*Information given*:

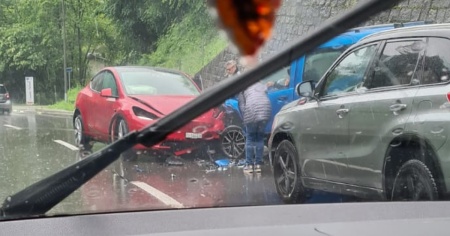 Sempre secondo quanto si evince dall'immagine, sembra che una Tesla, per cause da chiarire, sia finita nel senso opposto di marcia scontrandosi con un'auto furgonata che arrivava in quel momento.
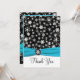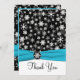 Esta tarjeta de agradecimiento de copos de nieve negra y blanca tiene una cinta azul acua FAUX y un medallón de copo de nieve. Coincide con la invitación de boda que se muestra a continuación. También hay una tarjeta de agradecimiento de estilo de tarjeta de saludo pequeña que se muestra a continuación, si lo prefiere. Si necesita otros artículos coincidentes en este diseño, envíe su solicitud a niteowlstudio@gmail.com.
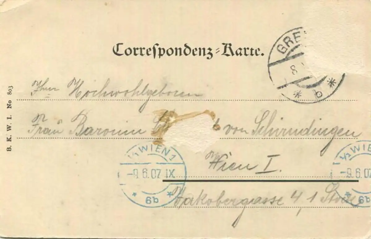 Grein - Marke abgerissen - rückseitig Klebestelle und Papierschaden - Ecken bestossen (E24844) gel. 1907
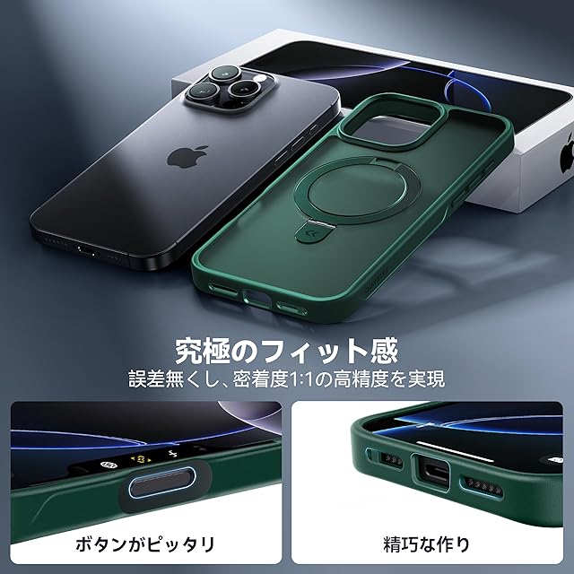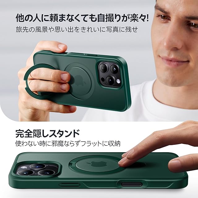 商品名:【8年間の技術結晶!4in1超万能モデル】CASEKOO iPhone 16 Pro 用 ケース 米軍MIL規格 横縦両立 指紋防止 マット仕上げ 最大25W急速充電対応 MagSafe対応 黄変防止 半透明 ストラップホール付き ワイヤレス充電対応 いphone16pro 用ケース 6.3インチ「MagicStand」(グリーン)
...
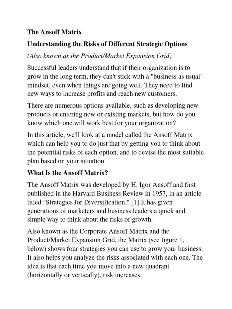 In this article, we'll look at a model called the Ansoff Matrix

*Exercise directions*:
Within the listing above, the stretch from the line with "Sempre secondo quanto" down to the line with "商品名:【8年間の技術結晶!4in1超万能モデル】CASEKOO iPhone 16" is to be given again exactly, end lines included and pictures excluded.

*Output for this task*:
 Sempre secondo quanto si evince dall'immagine, sembra che una Tesla, per cause da chiarire, sia finita nel senso opposto di marcia scontrandosi con un'auto furgonata che arrivava in quel momento.
 Esta tarjeta de agradecimiento de copos de nieve negra y blanca tiene una cinta azul acua FAUX y un medallón de copo de nieve. Coincide con la invitación de boda que se muestra a continuación. También hay una tarjeta de agradecimiento de estilo de tarjeta de saludo pequeña que se muestra a continuación, si lo prefiere. Si necesita otros artículos coincidentes en este diseño, envíe su solicitud a niteowlstudio@gmail.com.
 Grein - Marke abgerissen - rückseitig Klebestelle und Papierschaden - Ecken bestossen (E24844) gel. 1907
 商品名:【8年間の技術結晶!4in1超万能モデル】CASEKOO iPhone 16 Pro 用 ケース 米軍MIL規格 横縦両立 指紋防止 マット仕上げ 最大25W急速充電対応 MagSafe対応 黄変防止 半透明 ストラップホール付き ワイヤレス充電対応 いphone16pro 用ケース 6.3インチ「MagicStand」(グリーン)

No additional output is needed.